Başbakan Yardımcısı Tuğrul Türkeş, "Rahmetli Türkeş 40 sene önce kitabında bu başkanlık sistemine atıfta bulunmuş. O günden bugüne nasip olmadı, inşallah 16 Nisan'la birlikte bu süreci tamamlamış olacağız." dedi.
Türkeş, Ankara'nın Beypazarı ilçesindeki Hanlar Önü Meydanı'nda, halk oylaması çalışması kapsamında vatandaşlara hitap etti.
Beypazarı'nda bulunmaktan mutluluk duyduğunu belirten Türkeş, dün Nevruz Bayramı olduğunu anımsatarak, meydanda bulunanların nevruzunu kutladı.
Nevruzun baharın gelişi, kışın sona ermesi, toprağın artık bereketlenmeye başlamasının ilk günü kabul edildiğini ifade eden Türkeş, bu yıl nevruzla birlikte Allah'ın izniyle yeni bir döneme gireceklerini söyledi.
"Yıllardan beri süregelen bir problemi inşallah 16 Nisan'da çözeceğiz." diyen Türkeş, insanların "Bu nereden çıktı? Cumhuriyetin içinde, parlamenter sistemden cumhurbaşkanlığı yönetim sistemine niye geçiyoruz?" diye sorduğunu ifade ederek, şunları söyledi:
"Bundan tam 10 sene önce Türkiye'de cumhurbaşkanlığı seçimi yapılacağı dönemde, o döneme göre, o dönemin saygın diye bilinen, ciddi diye bilinen, ağır başlı diye bilinen hukukçuları, yeni bir içtihad ortaya attılar. Neymiş efendim, 'cumhurbaşkanı seçmek için sadece cumhurbaşkanını ilk turda 367 oy değil, Meclis açılırken, Meclis açıldığı anda 367 milletvekilinin hazır bulunması gerektiği' diye bir iddia attılar ortaya. İş oradan çıktı. Bugün, bunu niye yapıyoruz diye merak ediyorsanız, onlara sormanız lazım."

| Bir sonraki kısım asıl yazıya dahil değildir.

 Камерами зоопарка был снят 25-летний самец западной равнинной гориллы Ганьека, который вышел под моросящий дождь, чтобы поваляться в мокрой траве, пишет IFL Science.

"Halkın tercihine kendini emanet edersin"
Tuğrul Türkeş, her zaman olduğu gibi demokraside çözümün millet, halk olduğunu belirterek, "Yani demokrasi dara geldiğinde, sıkıştığında, zorlandığında, halka gidilip, halkın tercihine kendini emanet edersin, halk neye rıza gösterirse ona boyun eğersin." dedi.
O zaman da öyle yapıldığını ve halka gidildiğini anlatan Türkeş, cumhurbaşkanının halk tarafından seçilmesinin daha doğru olacağının kararlaştırıldığını söyledi. Türkeş, "Kötü mü oldu? Hayır. Bu iyi oldu ama burada bir ikilik sistemi ortaya çıktı. Yani yüzde 52 ile seçilmiş bir cumhurbaşkanı ve herhangi bir oyla elde edilmiş olan bir başbakanlık makamı. İllaki çatışmayı çıkartır. Bunun çözülmesi lazım." diye konuştu.

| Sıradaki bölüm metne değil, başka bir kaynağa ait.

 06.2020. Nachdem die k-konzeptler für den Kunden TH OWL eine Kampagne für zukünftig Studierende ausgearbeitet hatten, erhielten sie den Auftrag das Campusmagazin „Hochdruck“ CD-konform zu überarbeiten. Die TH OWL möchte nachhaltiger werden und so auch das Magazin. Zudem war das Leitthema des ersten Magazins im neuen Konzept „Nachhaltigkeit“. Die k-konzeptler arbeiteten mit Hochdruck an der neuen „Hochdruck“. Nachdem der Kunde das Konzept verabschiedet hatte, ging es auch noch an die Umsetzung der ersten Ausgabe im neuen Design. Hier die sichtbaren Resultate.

"Milliyetçi hareket tek başkan, tek meclis sistemini savunur"
Başbakan Yardımcısı Türkeş, bunun bugünün meselesi olmadığını belirterek, "Milliyetçi hareket tek başkan, tek meclis sistemini savunur. Çağımız, kuvvetli, adil ve hızla icra çağıdır. Türk milleti, dünya imparatorlukları kurduğu devirlerde kuvvetli, adil ve hızla icra sistemini uygulamıştır. Kuvvetli ve hızlı icra, icra gücünün tek elde toplanmasıyla mümkündür. Bunun için tarih ve töremize uygun olarak başkanlık sistemini savunuyoruz. İcrayı cumhurbaşkanlığı ve başbakanlık olarak ikiye bölemeyiz. Her konuda bütünleşmeci olduğumuza göre, icranın başında da bütünleşmeci olmalıyız. Türk tarih felsefesi ve tarihinde icra organı hiçbir zaman bölünmemiş, yani tek bir başkan tarafından yürütülmüştür. Milliyetçi Türkiye'de, demokratik milli cumhuriyet ilkesi içinde başkan, Türk milletinin yürütme organının tek başı olacaktır." ifadelerinin yer aldığı metni okudu.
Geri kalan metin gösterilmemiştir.